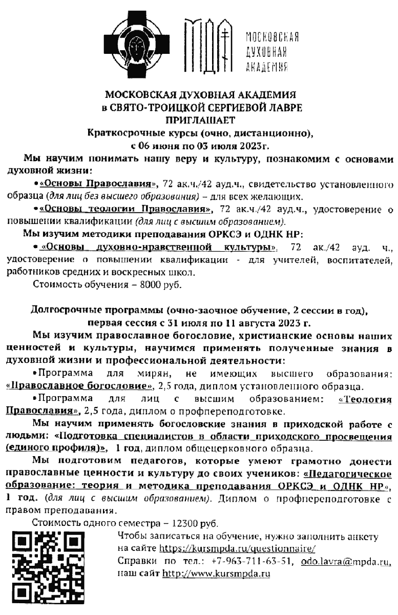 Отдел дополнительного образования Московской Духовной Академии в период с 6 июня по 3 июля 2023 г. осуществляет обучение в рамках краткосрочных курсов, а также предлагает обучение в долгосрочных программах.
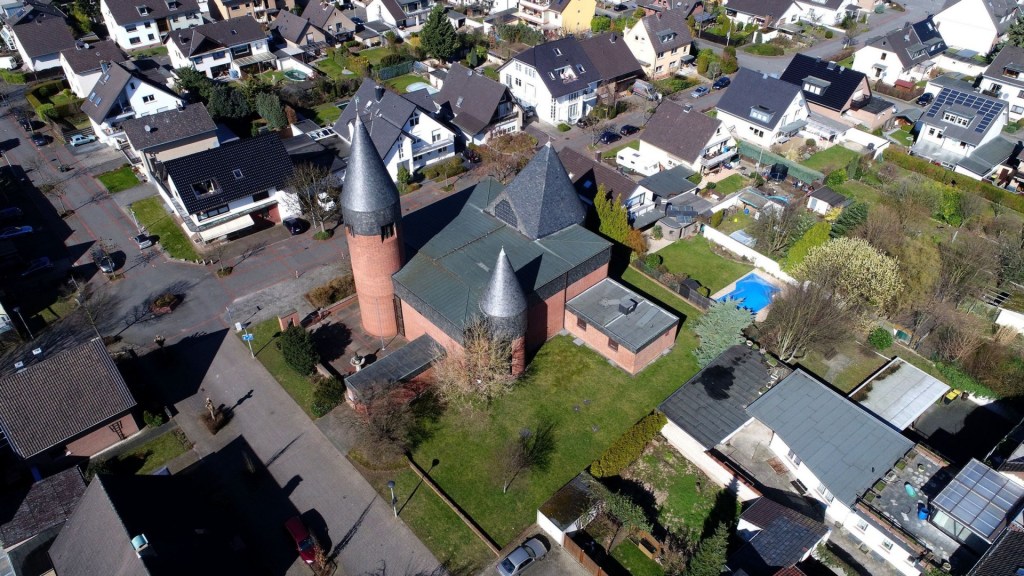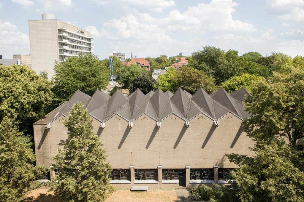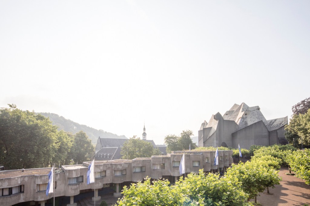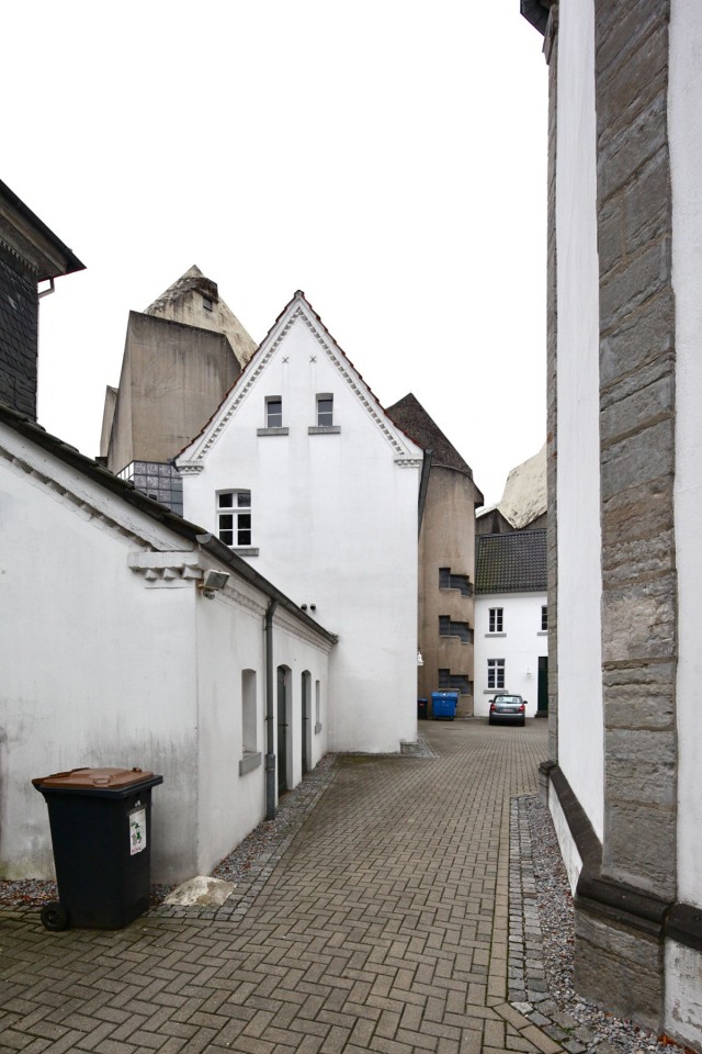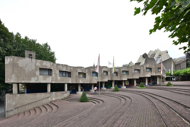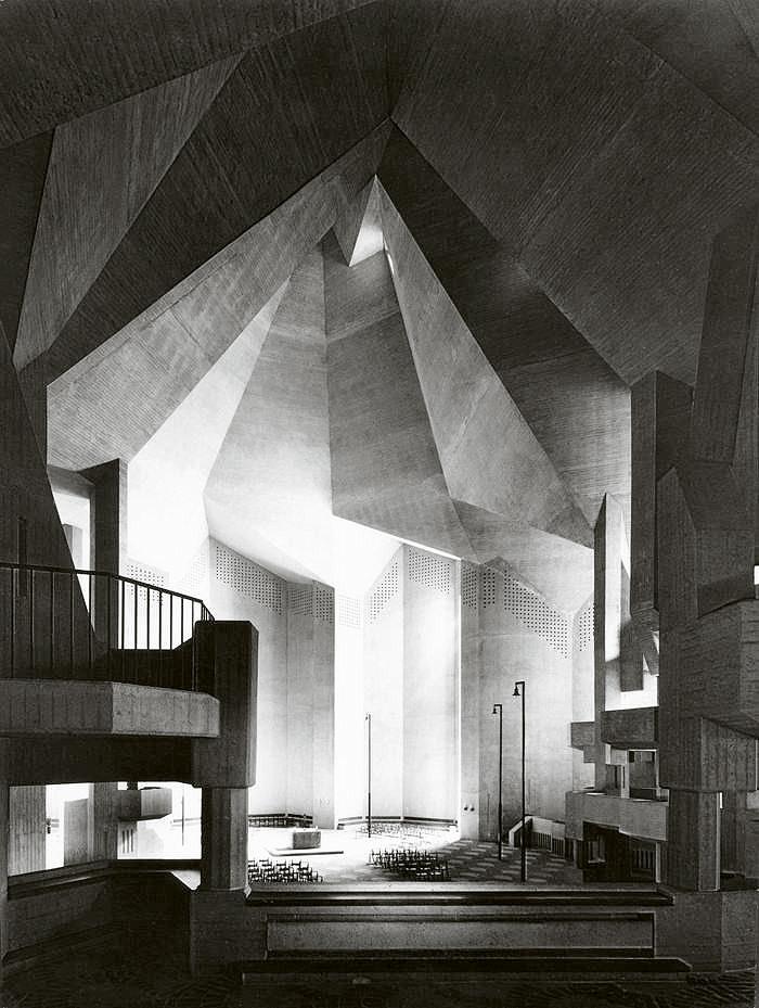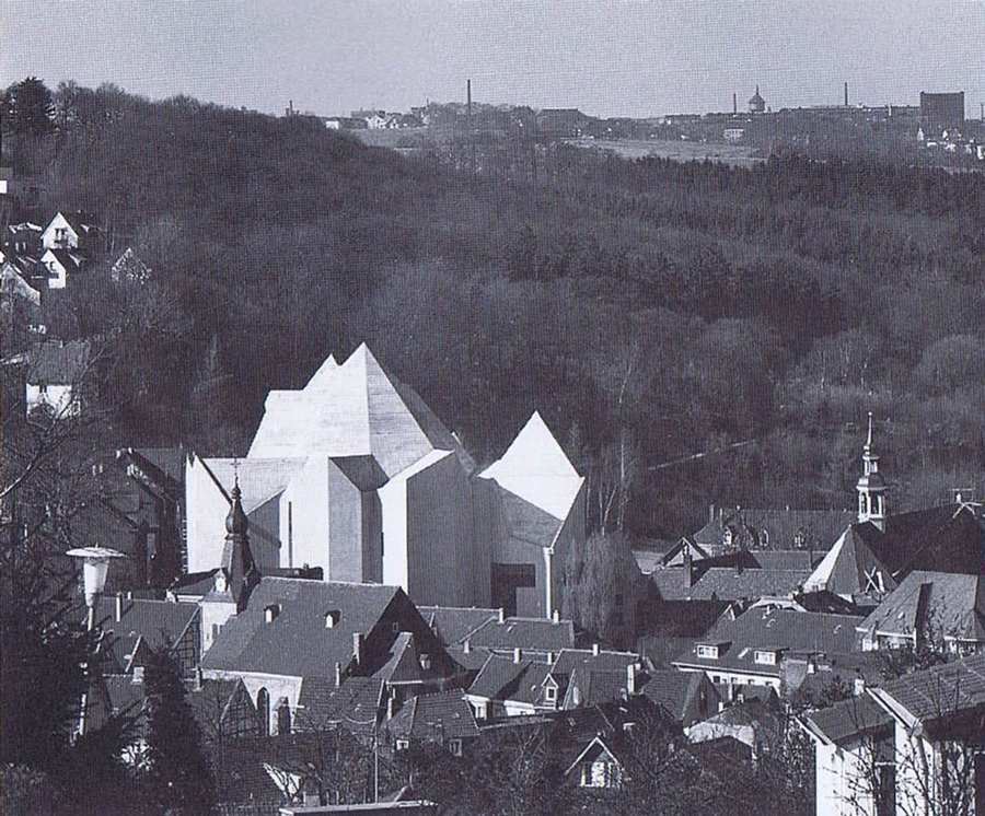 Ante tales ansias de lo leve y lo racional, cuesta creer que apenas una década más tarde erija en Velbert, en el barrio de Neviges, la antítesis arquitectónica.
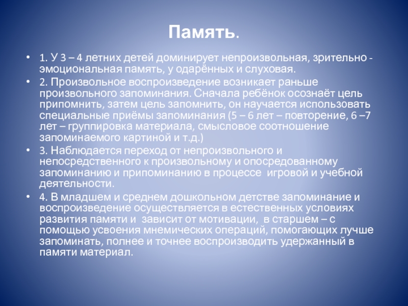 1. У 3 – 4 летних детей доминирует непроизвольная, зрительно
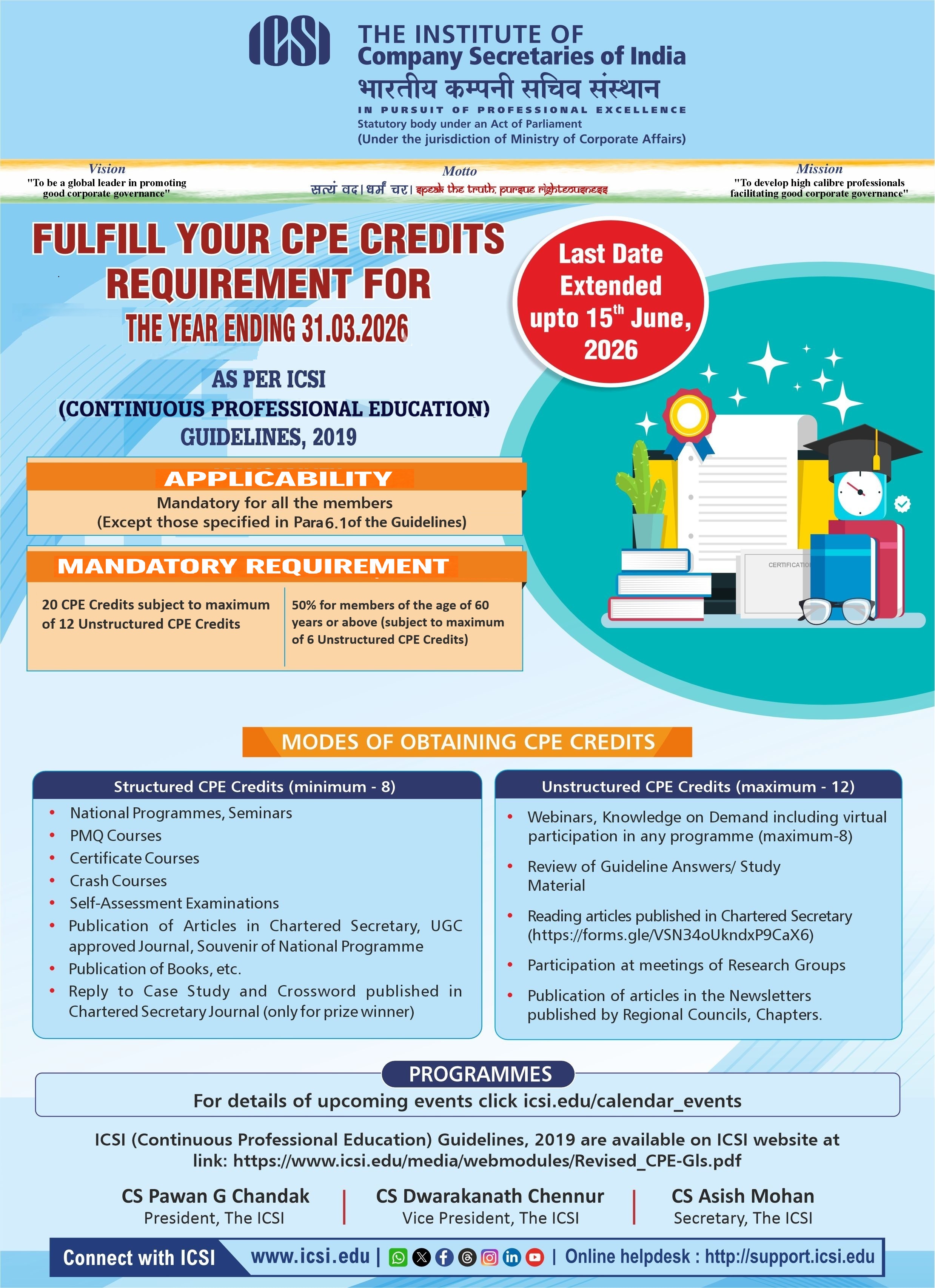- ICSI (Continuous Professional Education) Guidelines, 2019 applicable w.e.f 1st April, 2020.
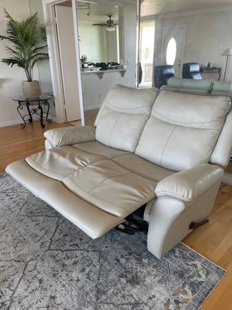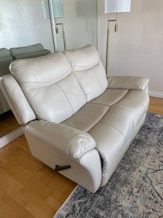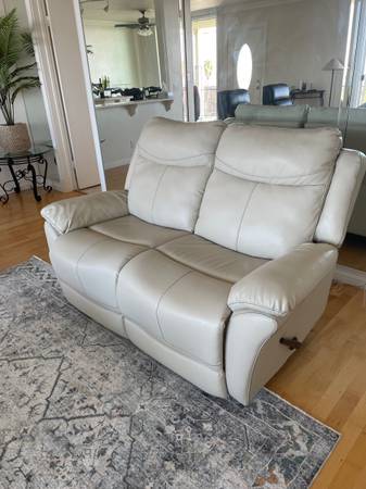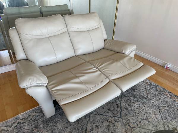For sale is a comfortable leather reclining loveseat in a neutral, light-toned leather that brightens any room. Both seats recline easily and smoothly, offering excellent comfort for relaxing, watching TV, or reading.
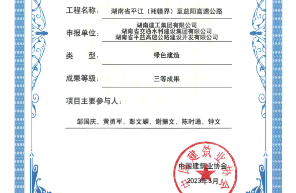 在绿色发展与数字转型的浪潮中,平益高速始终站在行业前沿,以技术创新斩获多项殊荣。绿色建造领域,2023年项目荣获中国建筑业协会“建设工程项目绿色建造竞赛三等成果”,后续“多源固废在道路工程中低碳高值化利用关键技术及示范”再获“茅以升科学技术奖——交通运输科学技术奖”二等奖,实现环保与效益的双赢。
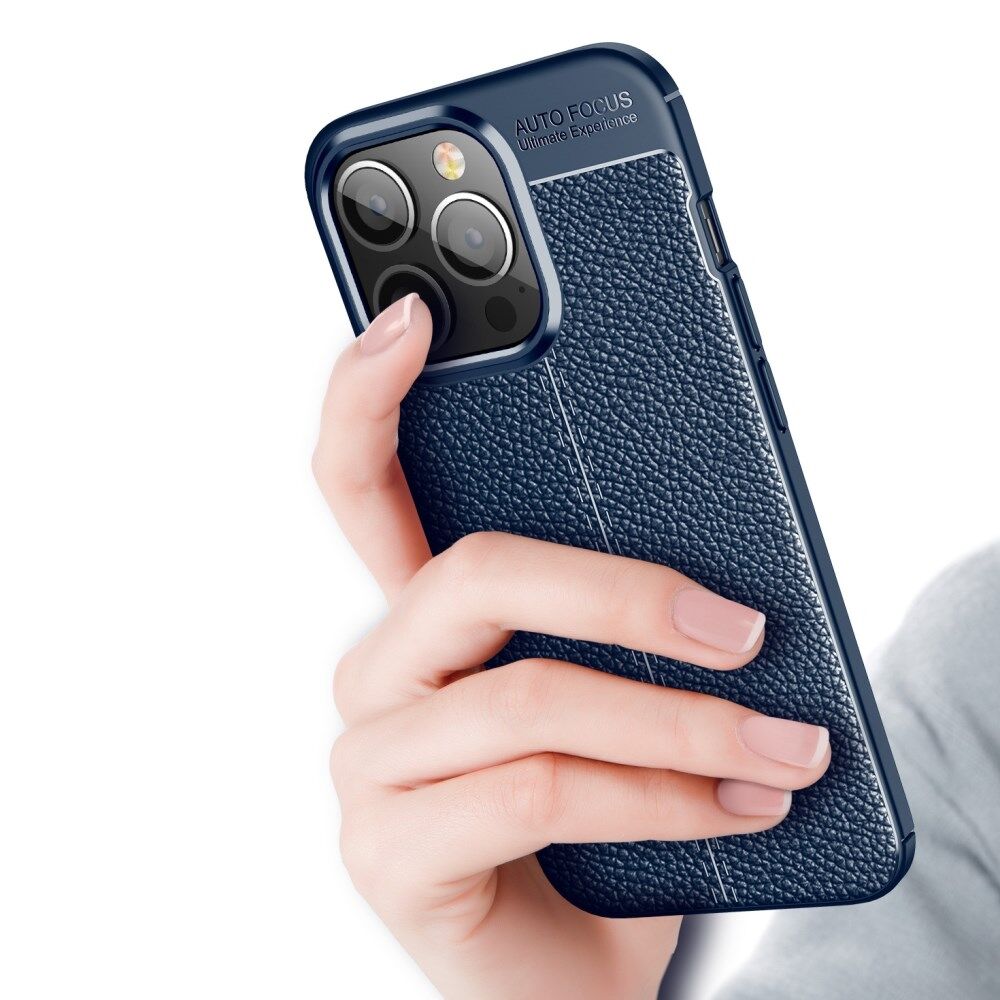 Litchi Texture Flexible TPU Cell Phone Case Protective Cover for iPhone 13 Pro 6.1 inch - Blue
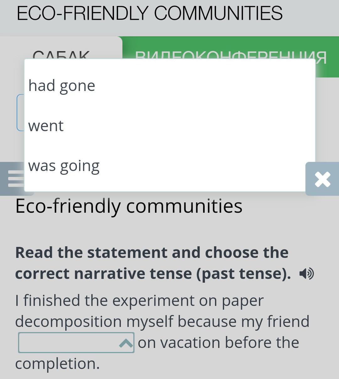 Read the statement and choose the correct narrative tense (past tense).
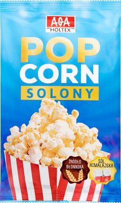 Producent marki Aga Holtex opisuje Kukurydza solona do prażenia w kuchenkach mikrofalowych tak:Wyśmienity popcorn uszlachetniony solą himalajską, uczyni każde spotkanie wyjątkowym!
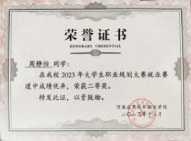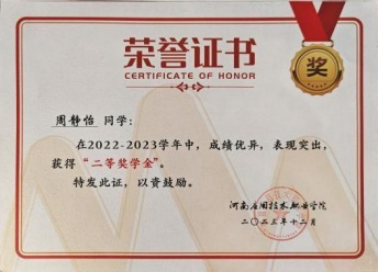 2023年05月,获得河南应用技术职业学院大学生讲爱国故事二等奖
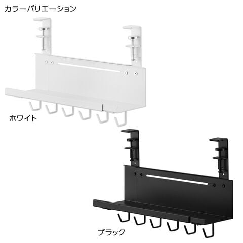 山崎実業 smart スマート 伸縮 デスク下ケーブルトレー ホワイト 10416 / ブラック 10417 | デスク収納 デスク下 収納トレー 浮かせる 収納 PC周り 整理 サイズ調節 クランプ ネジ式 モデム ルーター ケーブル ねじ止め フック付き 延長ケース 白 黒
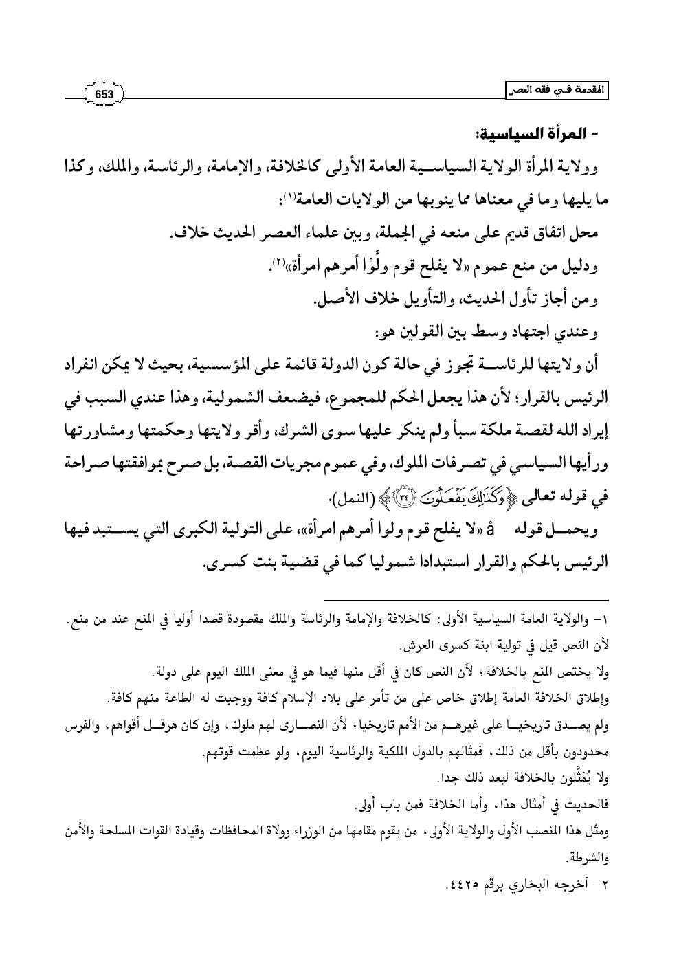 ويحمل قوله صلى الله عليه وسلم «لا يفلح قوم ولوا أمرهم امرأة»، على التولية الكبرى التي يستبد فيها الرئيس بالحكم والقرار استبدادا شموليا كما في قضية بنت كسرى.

* Task brief
Starting at the line that contains "For sale is", please write out every line to the end of the entries, inclusive, copied exactly and with pictures omitted.

* Exercise solution
For sale is a comfortable leather reclining loveseat in a neutral, light-toned leather that brightens any room. Both seats recline easily and smoothly, offering excellent comfort for relaxing, watching TV, or reading.
 在绿色发展与数字转型的浪潮中,平益高速始终站在行业前沿,以技术创新斩获多项殊荣。绿色建造领域,2023年项目荣获中国建筑业协会“建设工程项目绿色建造竞赛三等成果”,后续“多源固废在道路工程中低碳高值化利用关键技术及示范”再获“茅以升科学技术奖——交通运输科学技术奖”二等奖,实现环保与效益的双赢。
 Litchi Texture Flexible TPU Cell Phone Case Protective Cover for iPhone 13 Pro 6.1 inch - Blue
 Read the statement and choose the correct narrative tense (past tense).
 Producent marki Aga Holtex opisuje Kukurydza solona do prażenia w kuchenkach mikrofalowych tak:Wyśmienity popcorn uszlachetniony solą himalajską, uczyni każde spotkanie wyjątkowym!
 2023年05月,获得河南应用技术职业学院大学生讲爱国故事二等奖
 山崎実業 smart スマート 伸縮 デスク下ケーブルトレー ホワイト 10416 / ブラック 10417 | デスク収納 デスク下 収納トレー 浮かせる 収納 PC周り 整理 サイズ調節 クランプ ネジ式 モデム ルーター ケーブル ねじ止め フック付き 延長ケース 白 黒
 ويحمل قوله صلى الله عليه وسلم «لا يفلح قوم ولوا أمرهم امرأة»، على التولية الكبرى التي يستبد فيها الرئيس بالحكم والقرار استبدادا شموليا كما في قضية بنت كسرى.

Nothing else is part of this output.